Battle of San Juan and Chorrillos

The Battle of Chorrillos, also known as the Battle of San Juan and Chorrillos, was the first of the two battles of the Lima Campaign during the War of the Pacific, and was fought on January 13, 1881. This battle is really a group of a smaller, yet fierce confrontations at the defensive strongholds of Villa, Chorrillos, San Juan, Santa Teresa and Morro Solar. The Chilean army led by Gen. Manuel Baquedano inflicted a harsh defeat to the Peruvian army commanded by the Supreme Chief Nicolás de Piérola. The Chilean triumph eliminated the first defensive line guarding Lima, and almost obliterated the Peruvian army defending it.

An important role was played by the Chinese slaves which were liberated by the Chilean army.
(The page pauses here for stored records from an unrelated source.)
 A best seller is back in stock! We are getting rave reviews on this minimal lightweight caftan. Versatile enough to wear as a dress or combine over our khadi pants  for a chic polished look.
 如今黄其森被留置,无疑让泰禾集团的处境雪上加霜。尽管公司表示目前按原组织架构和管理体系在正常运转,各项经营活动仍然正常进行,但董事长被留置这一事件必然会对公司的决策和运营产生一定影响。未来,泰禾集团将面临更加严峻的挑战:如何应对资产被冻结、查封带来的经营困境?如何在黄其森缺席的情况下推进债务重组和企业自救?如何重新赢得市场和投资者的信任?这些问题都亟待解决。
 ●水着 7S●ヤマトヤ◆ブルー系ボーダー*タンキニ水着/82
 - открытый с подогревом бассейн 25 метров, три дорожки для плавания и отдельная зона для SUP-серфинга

As quoted from Mary Turner's "From chattel slaves to wage slaves: dynamics of labour bargaining in the Americas" Many Chinese saw the Chilean liberation as an opportunity to avenge years of abuse from the plantation owners; in Pacasmayo 600 to 800 Chinese forced labourers looted the sugar estates and this scene was repeated in the Chicama, Lambayeque and Cañete Valleys. The Chinese also fought alongside the Chileans in the battles of San Juan-Chorrillos and Miraflores, and there was also rioting and looting by non-Chinese workers in the coastal cities. As Heraclio Bonilla has observed; oligarchs soon came to fear the popular clashes more than the Chileans, and this was an important reason why they sued for peace.
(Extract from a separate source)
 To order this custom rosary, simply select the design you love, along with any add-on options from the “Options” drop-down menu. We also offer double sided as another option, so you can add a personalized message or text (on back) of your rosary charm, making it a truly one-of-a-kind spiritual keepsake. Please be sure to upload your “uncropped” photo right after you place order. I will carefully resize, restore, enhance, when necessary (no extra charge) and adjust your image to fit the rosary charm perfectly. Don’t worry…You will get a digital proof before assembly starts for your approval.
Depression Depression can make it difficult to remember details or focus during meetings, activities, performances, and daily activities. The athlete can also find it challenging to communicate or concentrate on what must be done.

Prior to the occupation of Lima there were fires and sackings by demoralized Peruvian soldiers in the towns of Chorrillos and Barranco; as quoted by Charles de Varigny "rendía incondicionalmente. La soldadesca (peruana) desmoralizada y no desarmada saqueaba la ciudad en la noche del 16, el incendio la alumbraba siniestramente y el espanto reinaba en toda ella."

At the end of the battle, the town of Chorrillos was burned to the ground by the Chilean army trying to eradicate the Peruvian defenders garrisoned there. During the night, abuses were committed to civilians by drunk soldiers.

Despite of this result, another battle had to be fought in order to the Chilean army could enter into the Peruvian capital city at Miraflores, two days later.